Это не предательство национального доверия — повторить то, что все говорят относительно нынешнего всплеска моды, что это радостное соблюдение вкуса короля; тем более жадное из-за его долгого подавления во время правления покойной королевы и тем более тревожное из-за патетического опасения, вдохновленного хорошо известным серьезным темпераментом наследника престола. Без сомнения, радостный отскок от депрессии англо-бурской войны также все еще ощущается; но по какой бы причине лондонская жизнь ни была веселой и радостной, она, безусловно, делает свое сено, пока светит солнце, и она смешивает столько маков и маргариток с урожаем, сколько возможно, против времени, когда только трава может быть приемлемой. Другими словами, преобладающая страсть к красивой одежде в массах, а также в классах — это вдохновение двора, в то время как выраженные свободные личные предпочтения — это, вероятно, эффект того сильного, того упрямого инстинкта быть похожим на самого себя, независимо от того, похож ли ты на других или нет, который всегда формировал прецедент и традицию к индивидуальному удобству у англичан. Нельзя было бы сказать, что сюртук из блестящей черной альпаки — это как раз одежда для высокого джентльмена средних лет в шелковой шляпе и других щепетильных назначениях; но когда он появился в нем в один жаркий воскресный день в том освященном закрытом пространстве Гайд-парка и был встречен самой внутренней цветочной группой великолепного партера, нужно было признать силу логики в этом. Если сюртук был правильной вещью для случая в целом, то самая легкая и прохладная ткань была вещью для того случая в частности. Так носитель рассуждал в возвышенной уверенности в себе, и так, вероятно, другие рассуждали в интеллектуальном согласии.

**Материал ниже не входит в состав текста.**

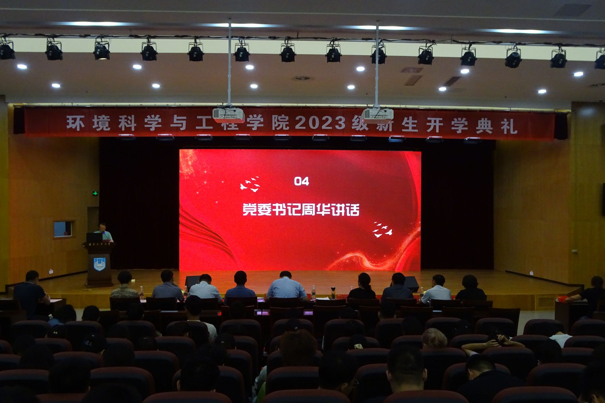 9月12日上午,环境科学与工程学院2023级新生开学典礼在笃学楼报告厅举行。全体院领导、各系负责人、学院部分老师以及本科生新生、研究生新生300余人参加开学典礼。典礼由2023级本科生新生辅导员戚旸主持。

Каким именно качеством он обладал, нельзя было угадать на расстоянии, и он должен оставаться частью огромного вопроса, который Лондон продолжает для исследователя до последнего; но можно с уверенностью сказать, что он выглядел выдающимся. Вне сезона лондонский тип мужчины выглядел невыдающимся, но когда сезон начал переделывать Лондон, мостовая Пикадилли проросла расой гигантов, которые были как деревья, ходящие. Они были в основном молодыми гигантами, которые имели большую красоту цвета лица, конечно, и такую же большую красоту черт. Они были, несомненно, результатом естественного отбора, которому деньги на покупку идеальных условий способствовали так же, как время, необходимое для выращивания типа. В основном их лица были нежными и добрыми, и только время от времени жесткими или жестокими; но не нужно быть особенно враждебным к английской классификации нашего вида, чтобы почувствовать, что они стоили больше, чем они стоили. Самый красивый мужчина, которого я видел, с самым идеально патрицианским профилем (если мы представим что-то деликатно орлиное как особенно патрицианское), был грум, который сидел на своей лошади рядом с Роттен-Роу, ожидая, пока его хозяин придет командовать услугами обоих. У него тоже был вид долгого происхождения, но если нельзя было сказать, что он стоил нации слишком много времени и денег, можно было все же предположить, что он стоил кому-то слишком много чего-то лучшего.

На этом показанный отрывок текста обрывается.